START Available data

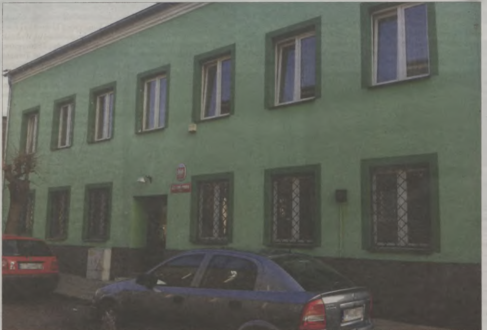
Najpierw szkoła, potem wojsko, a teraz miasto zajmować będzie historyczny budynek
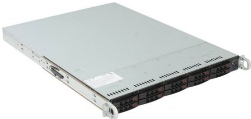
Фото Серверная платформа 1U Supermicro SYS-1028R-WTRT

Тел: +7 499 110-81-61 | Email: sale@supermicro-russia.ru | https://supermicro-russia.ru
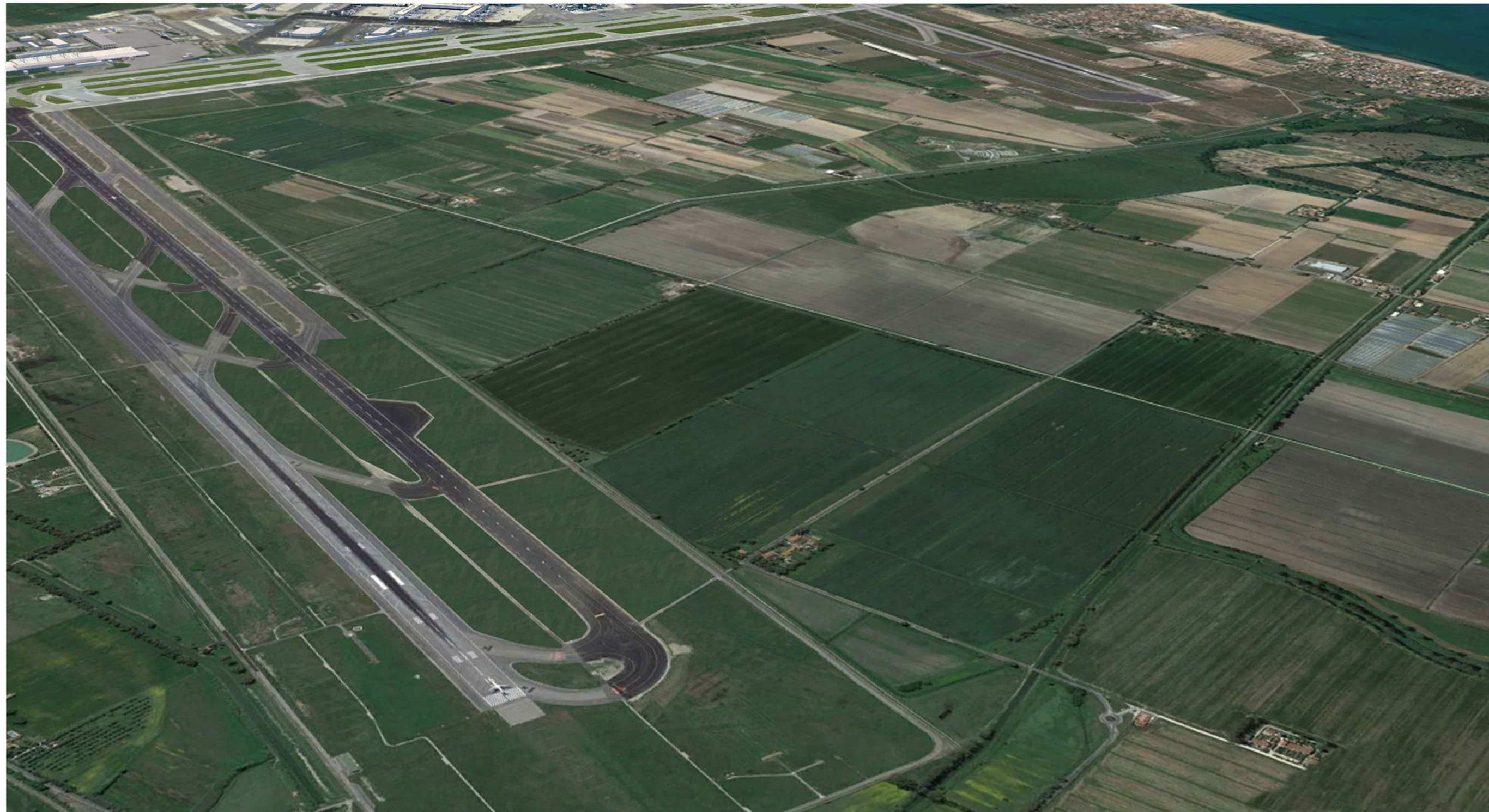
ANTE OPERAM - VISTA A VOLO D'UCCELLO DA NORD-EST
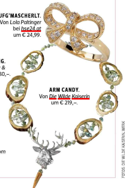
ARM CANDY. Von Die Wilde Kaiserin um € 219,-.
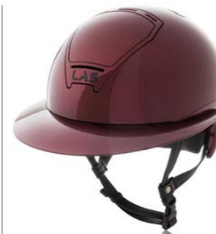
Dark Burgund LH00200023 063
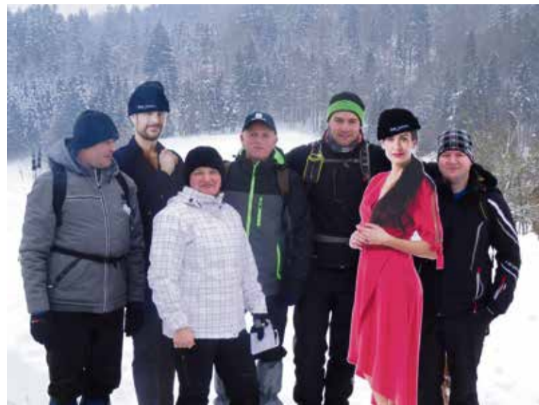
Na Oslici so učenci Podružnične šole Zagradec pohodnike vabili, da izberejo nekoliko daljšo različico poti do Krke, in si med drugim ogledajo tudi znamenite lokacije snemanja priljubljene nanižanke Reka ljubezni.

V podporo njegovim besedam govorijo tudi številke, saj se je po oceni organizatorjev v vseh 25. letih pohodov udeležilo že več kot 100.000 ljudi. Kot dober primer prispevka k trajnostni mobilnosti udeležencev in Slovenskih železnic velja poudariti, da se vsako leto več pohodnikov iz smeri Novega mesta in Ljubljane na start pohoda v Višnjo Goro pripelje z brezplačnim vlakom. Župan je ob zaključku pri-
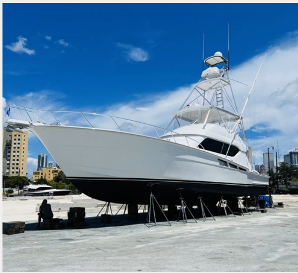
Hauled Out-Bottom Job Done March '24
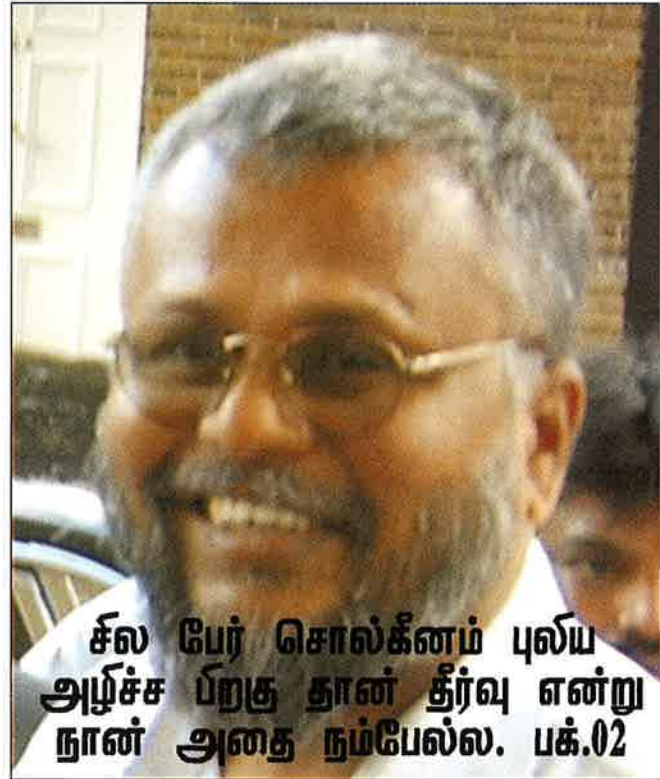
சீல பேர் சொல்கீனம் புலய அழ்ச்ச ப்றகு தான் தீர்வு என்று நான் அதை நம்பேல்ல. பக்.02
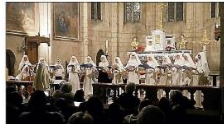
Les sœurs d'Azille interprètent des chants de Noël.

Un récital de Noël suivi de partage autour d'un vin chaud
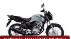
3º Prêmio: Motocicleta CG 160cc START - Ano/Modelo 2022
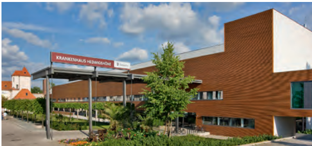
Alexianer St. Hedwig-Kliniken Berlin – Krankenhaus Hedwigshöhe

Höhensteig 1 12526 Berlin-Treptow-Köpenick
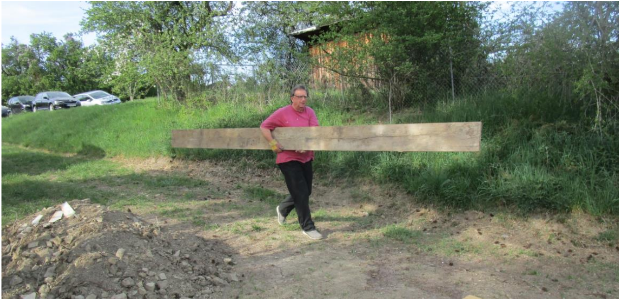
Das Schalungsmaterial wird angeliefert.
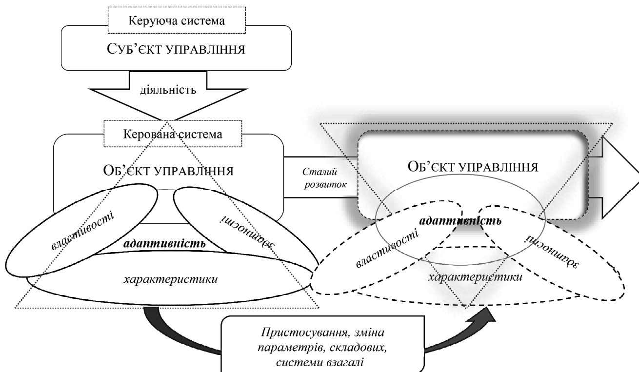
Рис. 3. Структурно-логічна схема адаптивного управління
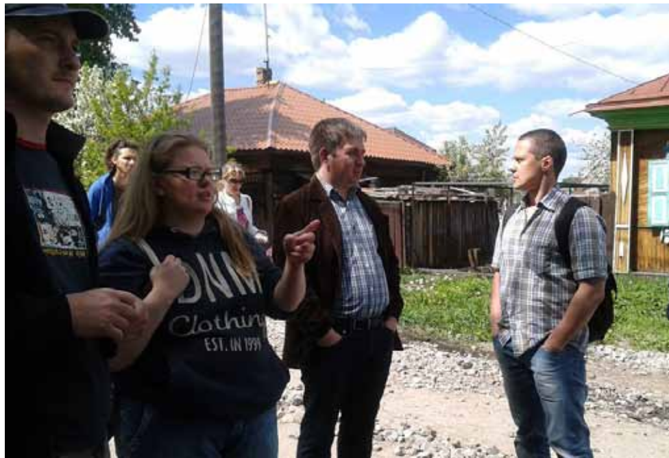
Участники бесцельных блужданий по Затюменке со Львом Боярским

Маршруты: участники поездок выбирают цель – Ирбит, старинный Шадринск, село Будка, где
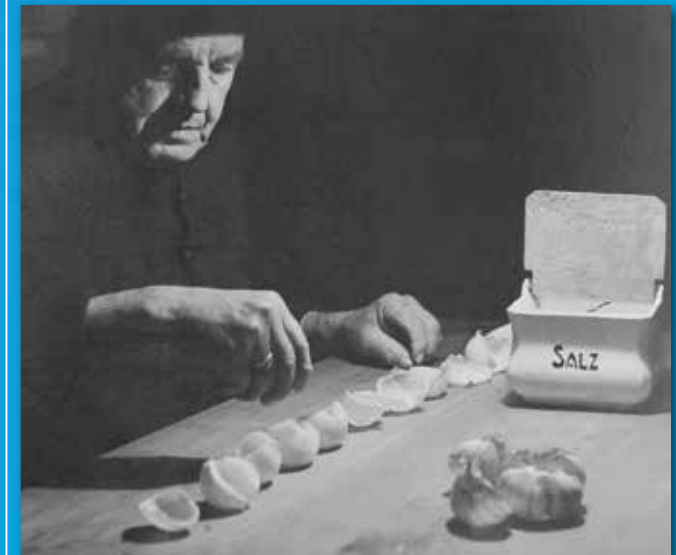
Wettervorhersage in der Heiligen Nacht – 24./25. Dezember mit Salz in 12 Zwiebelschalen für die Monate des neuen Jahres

END Available data
START Available data

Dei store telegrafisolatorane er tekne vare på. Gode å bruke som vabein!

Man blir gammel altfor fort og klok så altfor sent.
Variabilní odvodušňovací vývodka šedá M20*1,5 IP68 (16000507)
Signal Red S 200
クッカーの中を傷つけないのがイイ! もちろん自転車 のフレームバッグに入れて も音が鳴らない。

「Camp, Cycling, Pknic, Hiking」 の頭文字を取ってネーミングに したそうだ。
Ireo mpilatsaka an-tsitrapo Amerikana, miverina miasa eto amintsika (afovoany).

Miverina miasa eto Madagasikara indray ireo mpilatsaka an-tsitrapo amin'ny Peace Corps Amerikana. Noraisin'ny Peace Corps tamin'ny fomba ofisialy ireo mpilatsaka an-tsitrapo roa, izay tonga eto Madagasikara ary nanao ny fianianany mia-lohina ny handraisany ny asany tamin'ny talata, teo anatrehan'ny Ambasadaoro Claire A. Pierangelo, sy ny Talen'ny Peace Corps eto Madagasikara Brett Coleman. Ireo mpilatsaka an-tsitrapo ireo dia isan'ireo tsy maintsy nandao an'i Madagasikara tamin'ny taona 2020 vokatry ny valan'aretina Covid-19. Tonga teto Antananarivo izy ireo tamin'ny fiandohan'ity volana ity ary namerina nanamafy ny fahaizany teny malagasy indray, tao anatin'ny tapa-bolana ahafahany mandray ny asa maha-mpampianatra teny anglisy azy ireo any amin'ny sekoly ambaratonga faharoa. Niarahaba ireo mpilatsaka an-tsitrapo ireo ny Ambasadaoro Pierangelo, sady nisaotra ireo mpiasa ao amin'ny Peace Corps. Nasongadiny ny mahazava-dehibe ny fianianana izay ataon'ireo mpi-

END Available data
START Available data

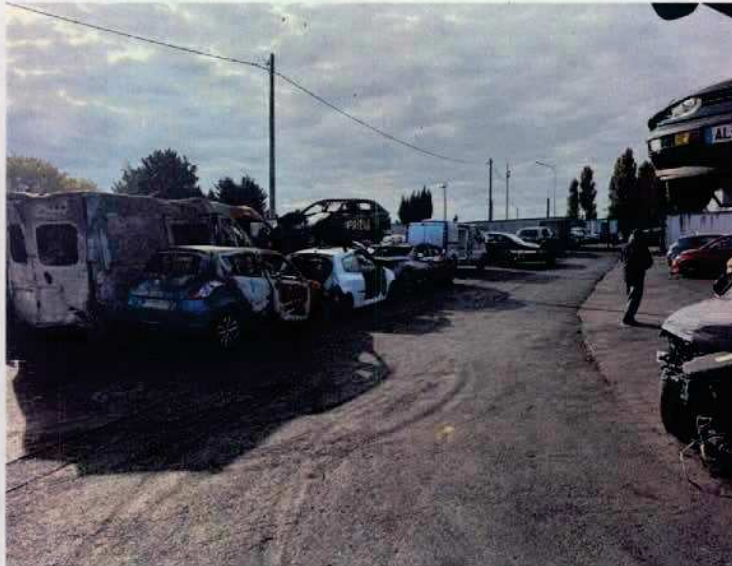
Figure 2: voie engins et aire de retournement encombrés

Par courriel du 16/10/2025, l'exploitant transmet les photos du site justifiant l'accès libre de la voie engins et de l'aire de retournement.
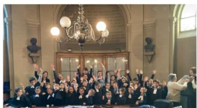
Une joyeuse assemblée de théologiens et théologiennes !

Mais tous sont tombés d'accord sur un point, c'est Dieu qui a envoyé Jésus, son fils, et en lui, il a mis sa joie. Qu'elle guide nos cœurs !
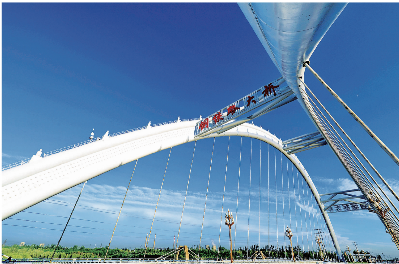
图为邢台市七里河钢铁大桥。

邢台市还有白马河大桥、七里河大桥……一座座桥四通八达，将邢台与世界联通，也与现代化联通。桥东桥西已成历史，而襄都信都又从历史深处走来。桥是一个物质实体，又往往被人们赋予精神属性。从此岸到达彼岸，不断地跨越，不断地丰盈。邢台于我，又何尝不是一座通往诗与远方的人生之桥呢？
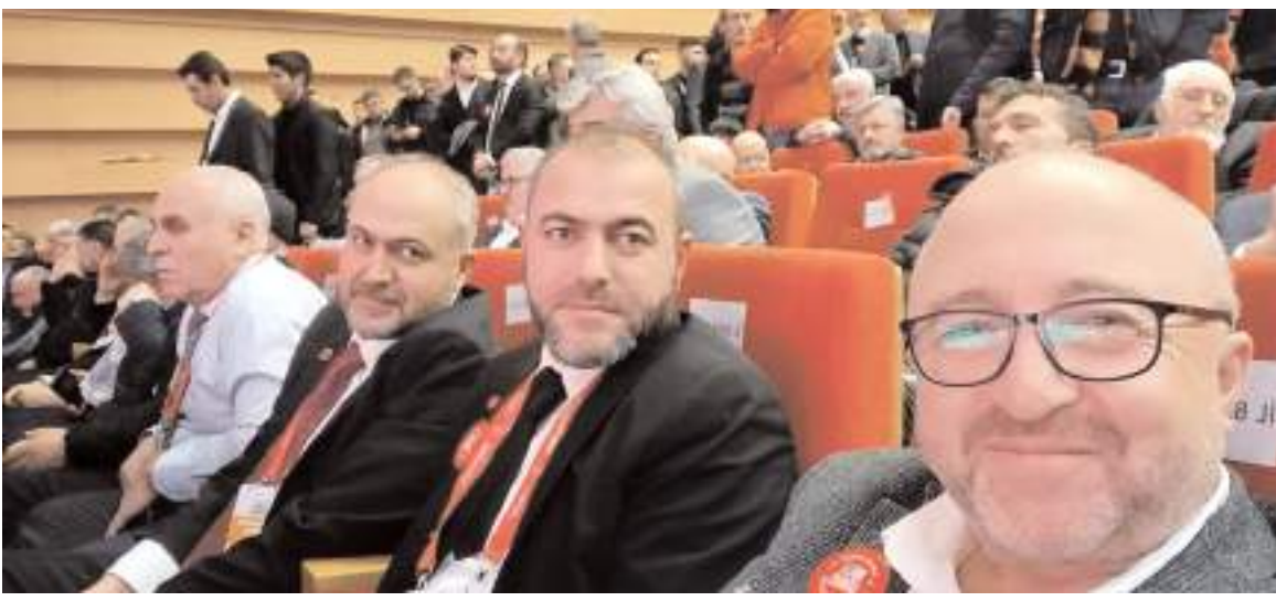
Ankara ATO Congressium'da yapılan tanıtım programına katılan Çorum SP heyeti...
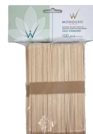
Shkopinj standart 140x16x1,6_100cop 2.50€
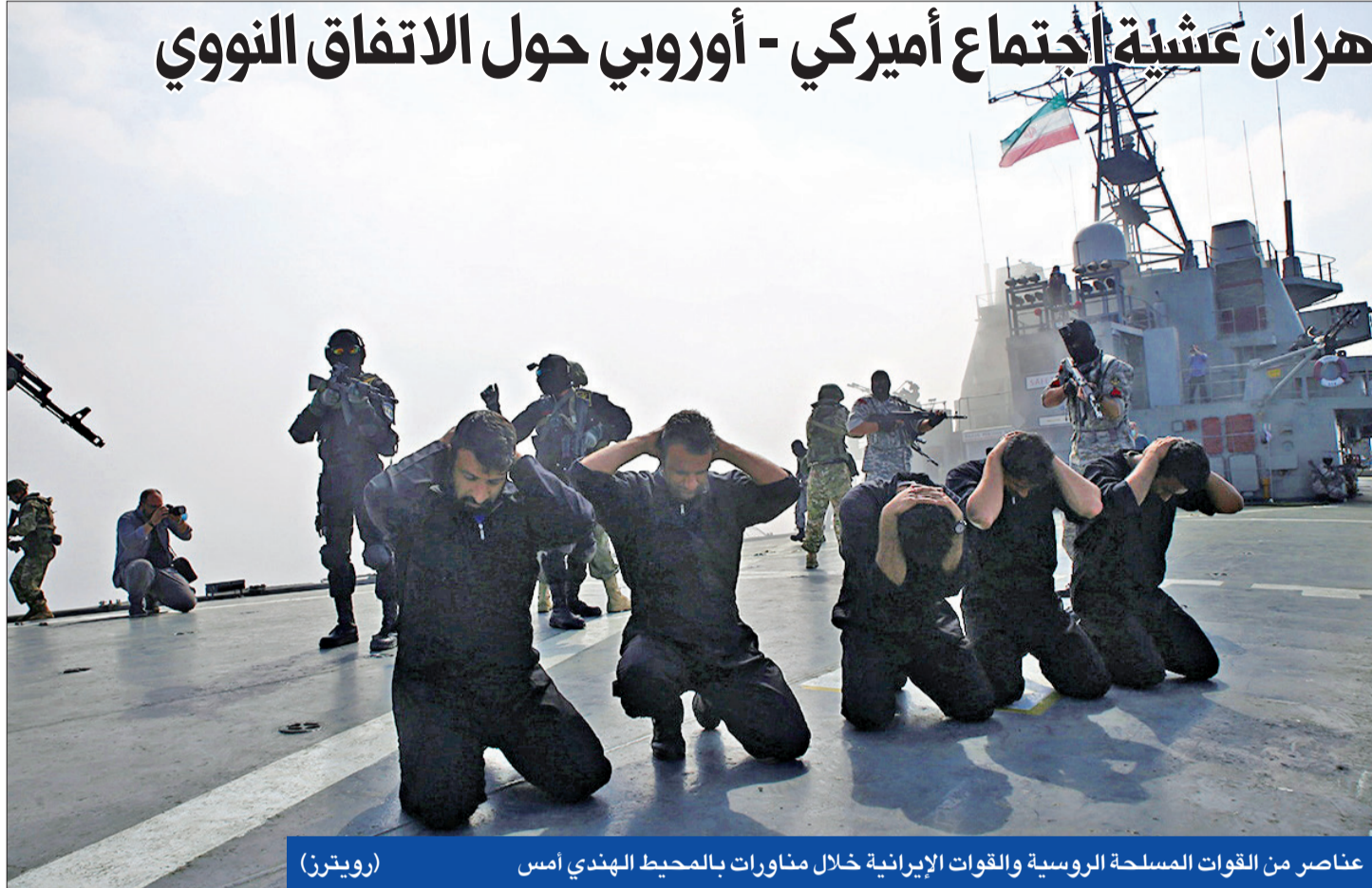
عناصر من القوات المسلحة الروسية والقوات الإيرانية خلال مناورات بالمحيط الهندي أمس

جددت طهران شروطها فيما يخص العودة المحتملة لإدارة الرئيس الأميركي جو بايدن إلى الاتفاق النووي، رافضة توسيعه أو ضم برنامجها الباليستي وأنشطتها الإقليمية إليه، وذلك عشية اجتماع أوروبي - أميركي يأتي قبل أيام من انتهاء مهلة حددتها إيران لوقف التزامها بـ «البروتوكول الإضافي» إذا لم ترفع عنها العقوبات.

END Available data

Each line in the listing that contains "Berlin" should be returned.

— Written answer —
Alexianer St. Hedwig-Kliniken Berlin – Krankenhaus Hedwigshöhe
Höhensteig 1 12526 Berlin-Treptow-Köpenick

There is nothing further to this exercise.